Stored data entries
--- START ---

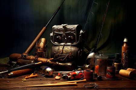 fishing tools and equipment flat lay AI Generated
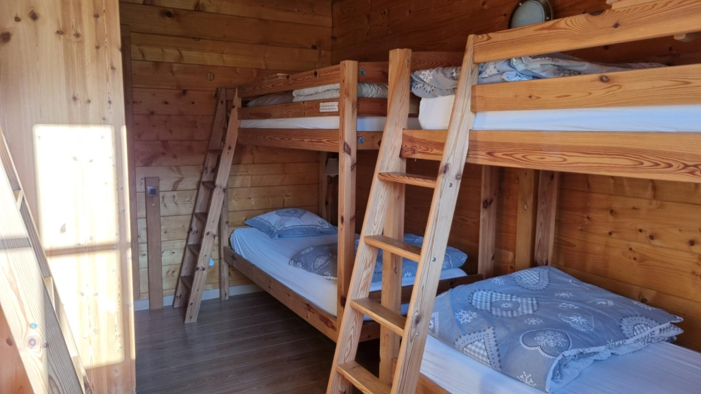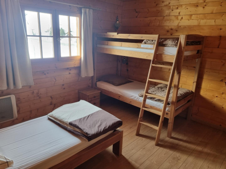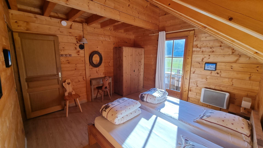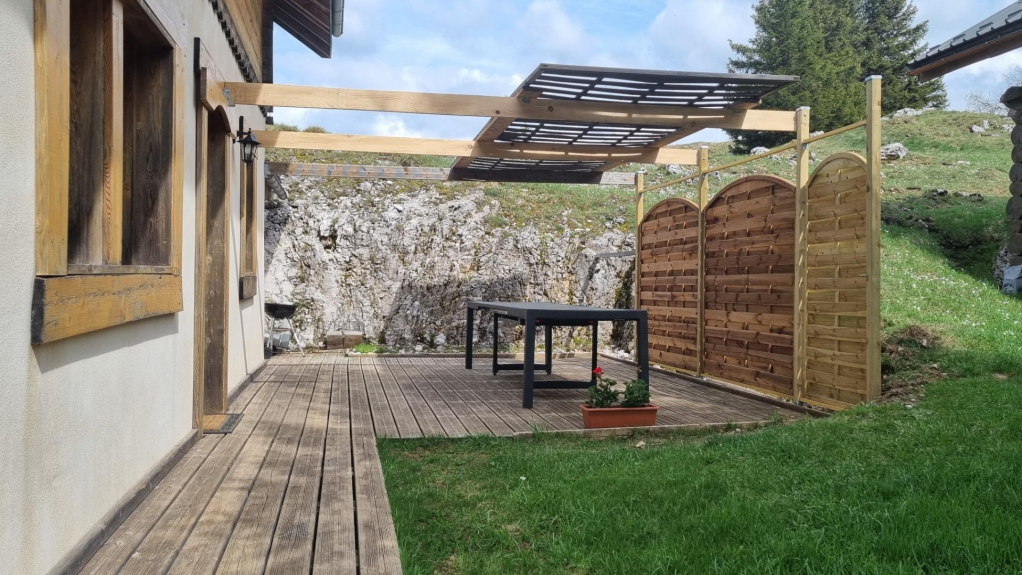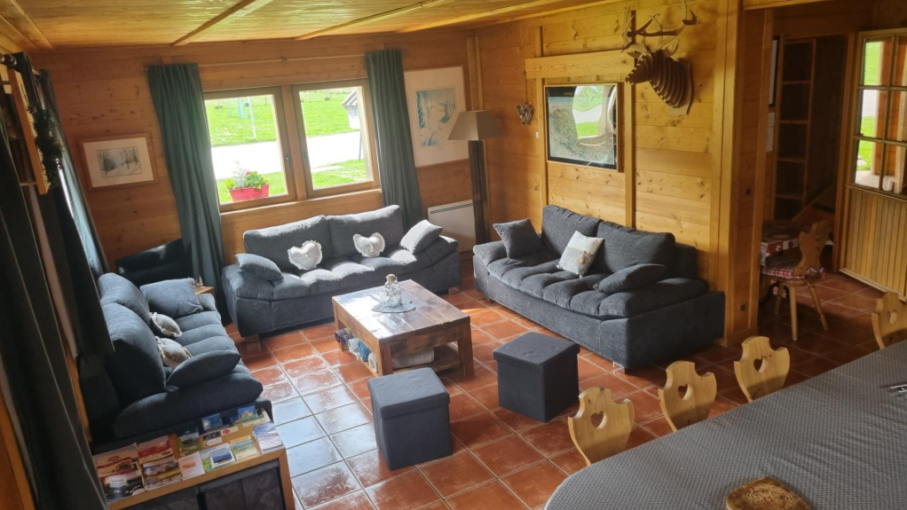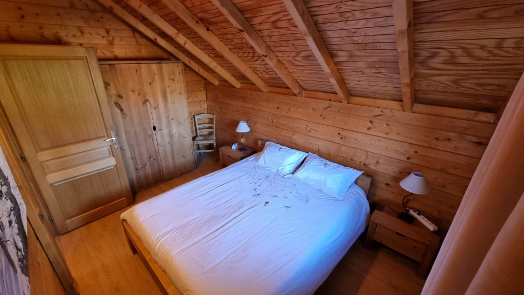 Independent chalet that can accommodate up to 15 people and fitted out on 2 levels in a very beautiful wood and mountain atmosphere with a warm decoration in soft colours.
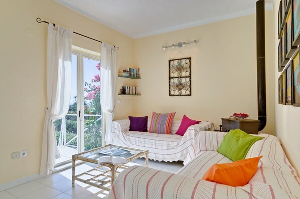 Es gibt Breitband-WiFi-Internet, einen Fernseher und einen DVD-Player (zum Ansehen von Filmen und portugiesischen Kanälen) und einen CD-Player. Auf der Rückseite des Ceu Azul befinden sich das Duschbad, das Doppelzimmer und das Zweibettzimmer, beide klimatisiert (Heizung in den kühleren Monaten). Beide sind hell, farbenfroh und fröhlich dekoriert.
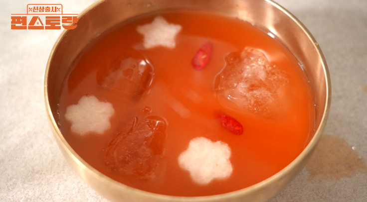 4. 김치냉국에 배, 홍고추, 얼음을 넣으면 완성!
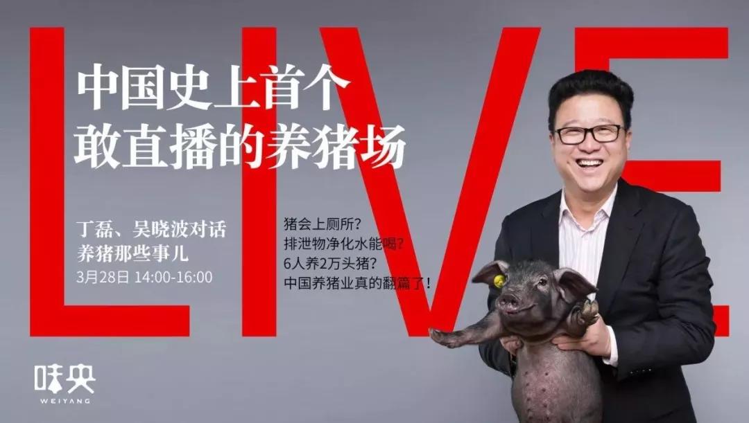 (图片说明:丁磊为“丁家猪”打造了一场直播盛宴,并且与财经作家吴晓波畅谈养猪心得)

--- END ---

Your assignment: The range to set down runs from the line containing "4. 김치냉국에 배, 홍고추, 얼음을 넣으면 완성!" through the final line of the data, both ends included; give it exactly and drop the pictures.

Result for this task:
 4. 김치냉국에 배, 홍고추, 얼음을 넣으면 완성!
 (图片说明:丁磊为“丁家猪”打造了一场直播盛宴,并且与财经作家吴晓波畅谈养猪心得)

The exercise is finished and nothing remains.